### Information supplied
>>>

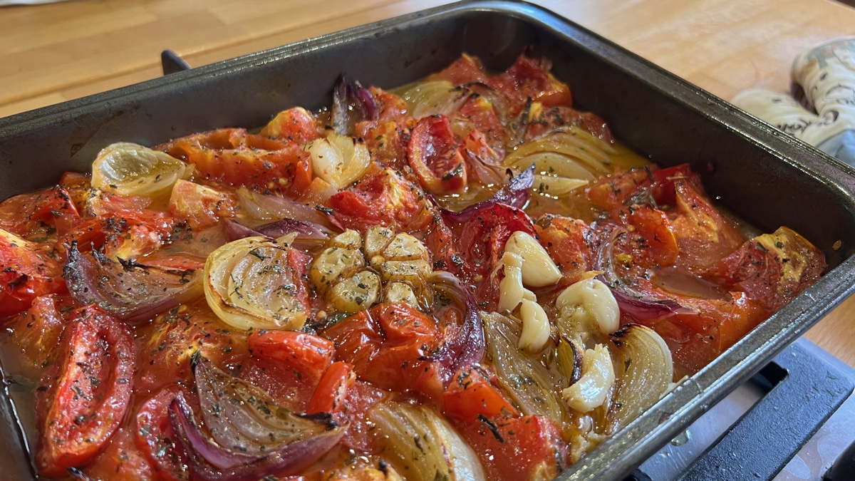 Pečte v předem nahřáté troubě na 200 °C asi půl hodiny nebo dokud nejsou rajčata měkká a lepkavá.
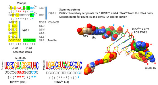 Alignment of type II V arms to type I V loops. The sequence alignment shows how type II V arms and type I V loops align with one another and their derivation from ligation of 3′- and 5′-acceptor stems. The tRNALeu (CAA) V arm of Pyrococcus horikoshii is shown [23,38]. Sequence logos of 105 14 nt archaeal tRNALeu V arms and 34 15 nt archaeal tRNASer V arms are shown. In Archaea, tRNALeu and tRNASer are discriminated by the following factors: (1) the distinct trajectory set point scores of the type II V arms (cyan asterisks); (2) the tRNALeu V6-UAG-V8 V arm-end loop sequence determinant for LeuRS-IA (red asterisks); and (3) SerRS-IIA binding the type II V arm stems of tRNASer with a trajectory set point score of one unpaired base (cyan asterisk).
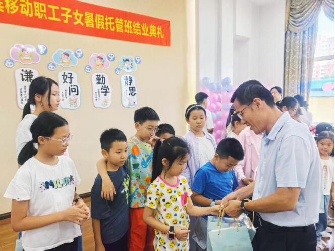 畢業(yè)典禮現(xiàn)場(chǎng)充滿童趣與溫情,哈爾濱移動(dòng)工會(huì)主席為每個(gè)孩子送上了一份開學(xué)禮物并發(fā)表致辭,回顧了托管期間的點(diǎn)點(diǎn)滴滴。他提到,本次托管班圍繞“安全、快樂(lè)、成長(zhǎng)”三大核心,不僅為孩子們安排了作業(yè)輔導(dǎo)、興趣拓展、趣味運(yùn)動(dòng)等活動(dòng),還讓孩子們?cè)谳p松氛圍中收獲知識(shí)、結(jié)交伙伴、提升能力。

<<<

### Task requirements
Copy verbatim the span that begins at the line containing "Alignment of type" and ends at the last line of the material, inclusive of both; exclude pictures.

### Your solution
 Alignment of type II V arms to type I V loops. The sequence alignment shows how type II V arms and type I V loops align with one another and their derivation from ligation of 3′- and 5′-acceptor stems. The tRNALeu (CAA) V arm of Pyrococcus horikoshii is shown [23,38]. Sequence logos of 105 14 nt archaeal tRNALeu V arms and 34 15 nt archaeal tRNASer V arms are shown. In Archaea, tRNALeu and tRNASer are discriminated by the following factors: (1) the distinct trajectory set point scores of the type II V arms (cyan asterisks); (2) the tRNALeu V6-UAG-V8 V arm-end loop sequence determinant for LeuRS-IA (red asterisks); and (3) SerRS-IIA binding the type II V arm stems of tRNASer with a trajectory set point score of one unpaired base (cyan asterisk).
 畢業(yè)典禮現(xiàn)場(chǎng)充滿童趣與溫情,哈爾濱移動(dòng)工會(huì)主席為每個(gè)孩子送上了一份開學(xué)禮物并發(fā)表致辭,回顧了托管期間的點(diǎn)點(diǎn)滴滴。他提到,本次托管班圍繞“安全、快樂(lè)、成長(zhǎng)”三大核心,不僅為孩子們安排了作業(yè)輔導(dǎo)、興趣拓展、趣味運(yùn)動(dòng)等活動(dòng),還讓孩子們?cè)谳p松氛圍中收獲知識(shí)、結(jié)交伙伴、提升能力。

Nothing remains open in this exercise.